Welcome to the solar backlash. In Grist’s “Utilities for Dummies” series last year, David Roberts prophesied that solar and other renewables could “lay waste to U.S. power utilities and burn the utility business model, which has remained virtually unchanged for a century, to the ground.” And lo, it is coming to pass — though not without a fight from the utilities first.

This May, Barclays downgraded its rating of America’s electricity sector from “market weight” to “underweight.” Its rationale? Solar — or, more specifically, the great leaps that are happening or expected to happen in technology for storing the energy that solar generates. While the solar industry took a roller-coaster ride over the last decade, the R&D that went into electric cars created the killer add-on it was waiting for: really awesome batteries.

It’s not a coincidence that Tesla formed a sales partnership last year with the solar panel development giant Solar City. The two companies are basically smushing solar panels and fancy electric cars together to create a Transformers-like superhouse that could join with similar houses to form a microgrid, no utility necessary.
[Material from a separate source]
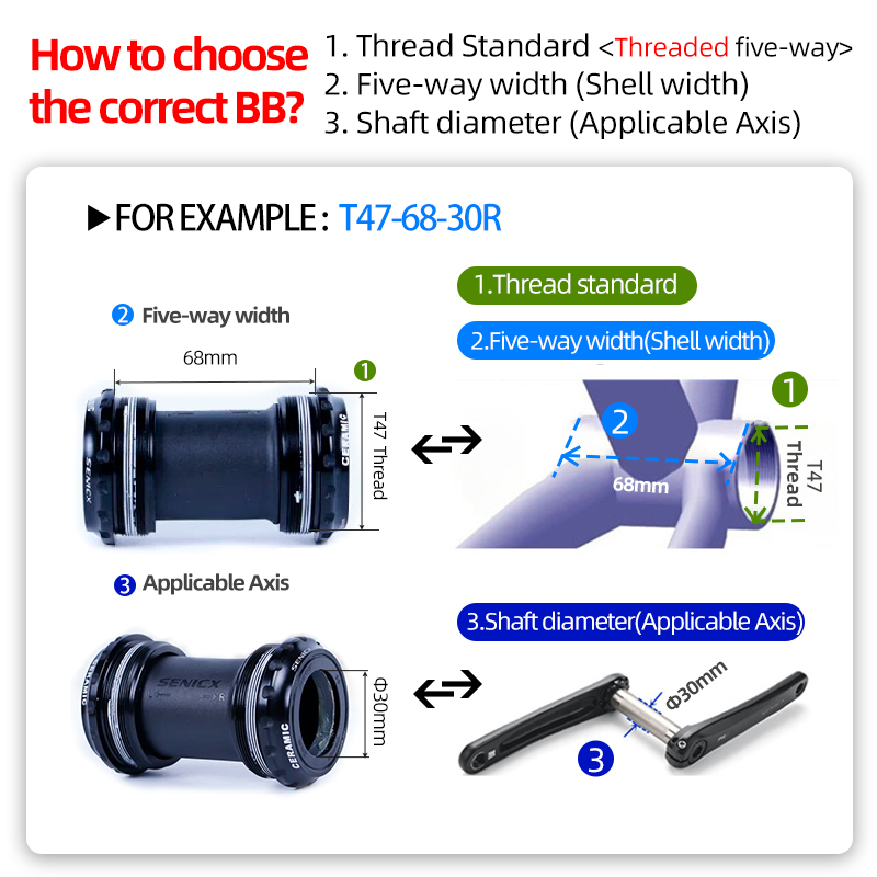 SENICX T47 Bottom Bracket 68mm Width Ceramic Bearing Central Movement Suitable for SRAM 30mm Axis Crankset road bike accessories

In their utopia, a house could be powered in the off-hours by the battery from the car parked in the garage. Or, if you’re not car people, you could just buy the battery. Tesla is claiming that the cost of their batteries will drop in half by 2020.

For this reason, it’s not surprising that some utilities are specifically going after solar arrays with batteries. In California, utilities are demanding that any solar panel installation that features batteries add an extra meter just for the battery (which adds about $1300 to the overall cost of the installation) before it can be allowed to sell electricity back to the grid.
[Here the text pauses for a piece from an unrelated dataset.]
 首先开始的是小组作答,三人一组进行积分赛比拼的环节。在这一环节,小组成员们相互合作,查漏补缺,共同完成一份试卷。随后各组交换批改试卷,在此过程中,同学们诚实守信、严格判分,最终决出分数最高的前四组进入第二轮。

PG&E, the company that owns California’s biggest utility, refuses outright to buy energy from customers that have both solar panels and batteries, as does San Diego Gas & Electric. The utility companies argue that such storage systems could, in theory, be used fraudulently: Consumers with solar panels could fill their batteries directly with power sourced from the grid during times when the power is cheap and then send it back under a false “clean” label during periods of high demand when it’s worth more. (Although solar suppliers say no one is actually gaming the system this way, the industry admits that the technology has outpaced monitoring policies.)
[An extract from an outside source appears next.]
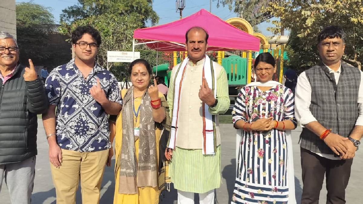 सोनीपत के भाजपा प्रत्याशी राजीव जैन ने परिवार के साथ डीएवी स्कूल में बने मतदान केंद्र पर वोट डाला।
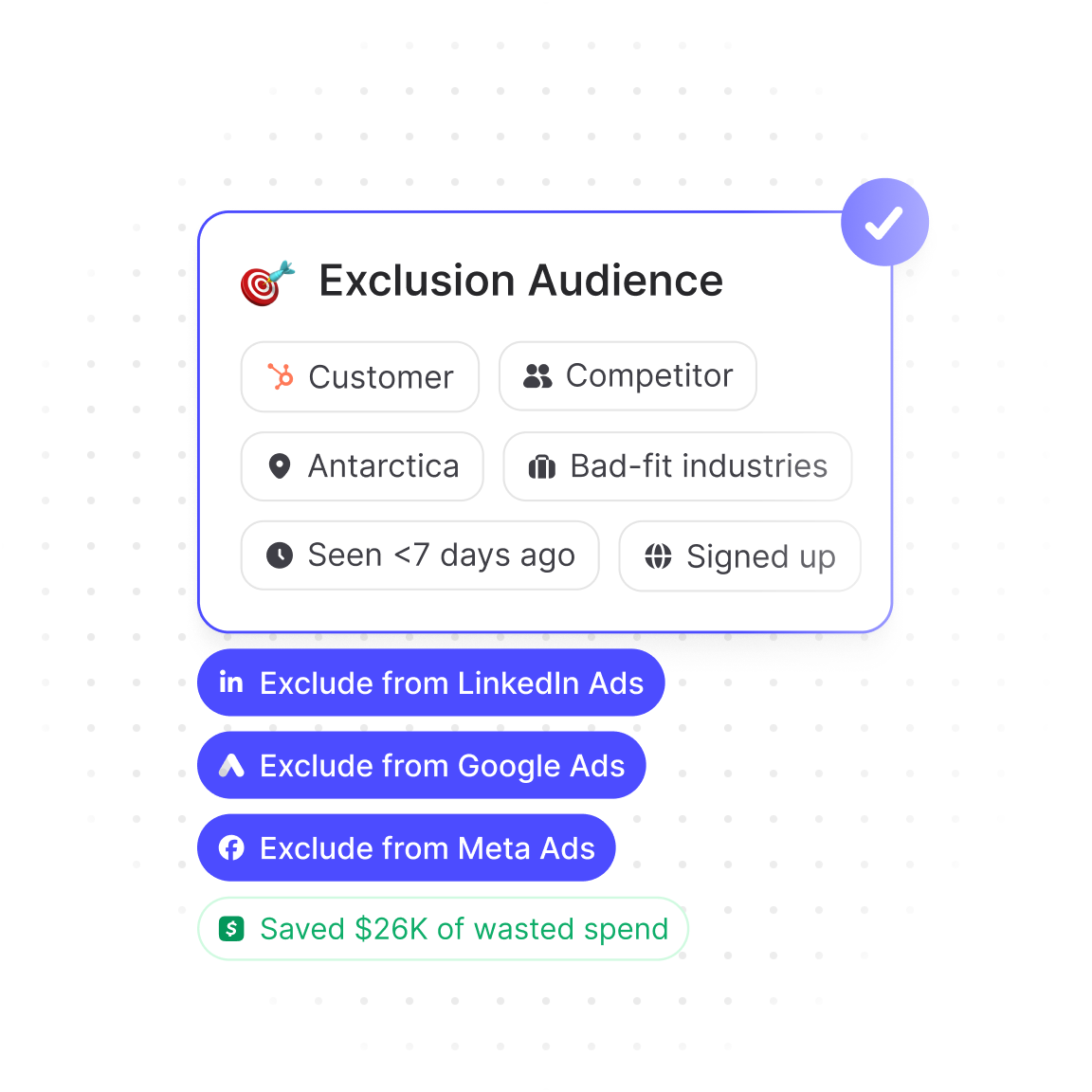 Stop spending on accounts that will never buy. Push ICP to your ad platforms, suppress the rest, and watch wasted spend disappear.

It makes sense that utilities are freaking out about the risk of solar. Today, 43 states require utilities to buy electricity from consumer solar installations, typically at the same price that customers pay for power from the grid. Utilities argue that this arrangement is unfair to them, because they have to maintain a ton of infrastructure (power lines, power plants) that a cute house with a solar panel does not. However, utilities have typically had decades of low-cost loans and steady regulated profits, plus some opportunities for crazy price-gouging here and there, precisely because of this infrastructure. In most cases, it has already more than paid for itself.

If solar achieves anywhere near its projected growth, utilities stand to lose a lot of money. But by working against solar, instead of with it, they risk creating a two-tiered system — one where people who are wealthy or organized enough separate from the grid entirely and link together in little gated communities, and one where people who can’t get it together enough to install a fancy solar array end up paying higher and higher utility prices on a steadily shrinking network — sort of like how poor people get stuck paying higher gas prices because they don’t have the $25,000 to own a Prius, or higher utilities because they can’t afford the outlay for energy-efficient anything.

Which is to say, there are changes coming, and the next few years will determine the shape of the energy system of the future. Of course, our need to cut carbon emissions is urgent enough that we just might want to say to the utilities: Get out of the way. And if there ever was a time to run for your local public utilities commission, it’s now.